Kabul edelim ki, bu sadece ABD açısından değil tüm uluslararası ilişkilerde geçerli. Bunun son örneğini Almanya Başbakanı Angela Merkel’in Türkiye ziyaretinde görüyor.
Merkel’in ziyaret öncesi medyaya yansıyan özellikle Suriyeli mültecilerin durumuyla ilgili haberler bunun en açık örneği. Sızan haberlere göre Merkel Suriyeli mültecilerin Avrupa’ya akışını kesmek, onları Türkiye’de tutmak için AB’de her platformda eleştirilen Erdoğan ve AKP hükümetine 3 milyar EURO yardım önerilmiş ancak bu miktar Erdoğan tarafından az bulunmuş.

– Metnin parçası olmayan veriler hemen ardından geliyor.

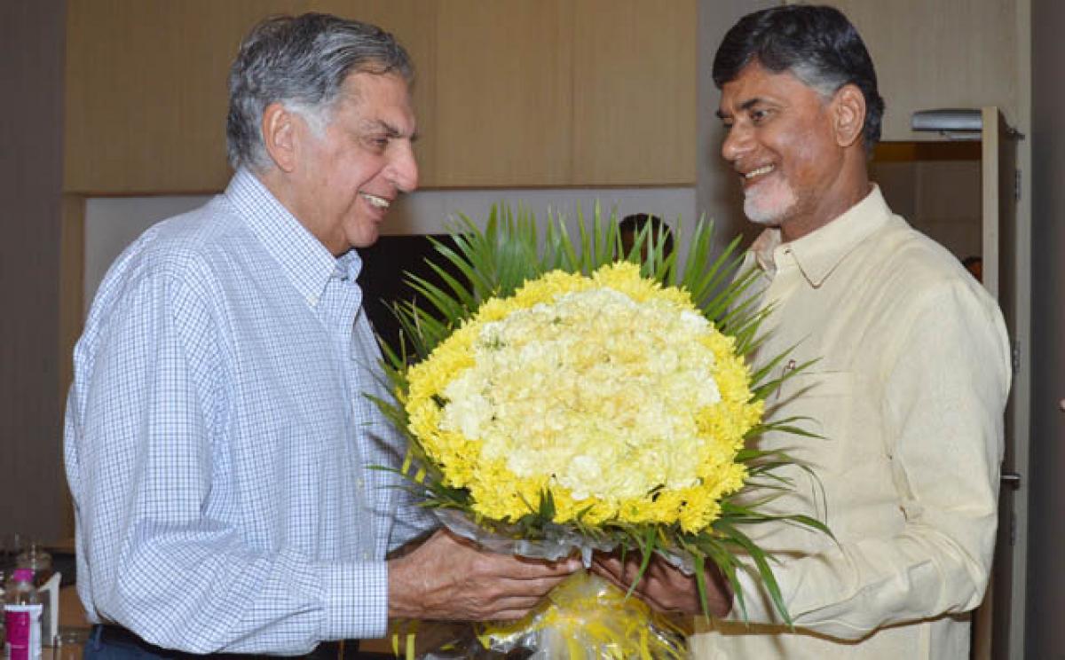 Tata Trust Chairman Ratan Tata addressing industrialists at a programme held in Vijayawada on Monday heaped praises on Andhra Pradesh Chief Minister N Chandrababu Naidu and said that the Chief Minister works hard to reach his goals.

ÇIKARA FEDA EDİLEN İNSANLIK
Sadece Almanya’da değil AB’nin pek çok ülkesinde Türkiye’de yaşanan anti-demokratik gidiş, otoriterleşme eleştiriliyor. Örneğin Almanya’da muhalefet Merkel’in Türkiye’ye ziyaretini iptal etmesini istiyordu.
Fransa’da, İngiltere’de de Türkiye’ye bakış konusunda ciddi eleştiri ve endişeler ifade ediliyor ama bu tepkiler, uluslararası ilişkilerdeki ulusal çıkar karşısında çaresiz kalıyor.
Türkiye’nin Suriye’deki pozisyonu için pazarlanan ‘değerli’ yalnızlık Merkel’in 3 milyar EURO’suna satılıyor. Suriyeli mülteciler yani insanlık, ulusal çıkarlara feda ediliyor.
Onun içindir ki, insanlığın, insani değerleri kurtaracak olan ulus-devletlerin bağımsızlıkları değil onları sınırlamaya çalışan sivil toplumdur, devleti sınırlamayı hedefleyen toplumsal siyasettir.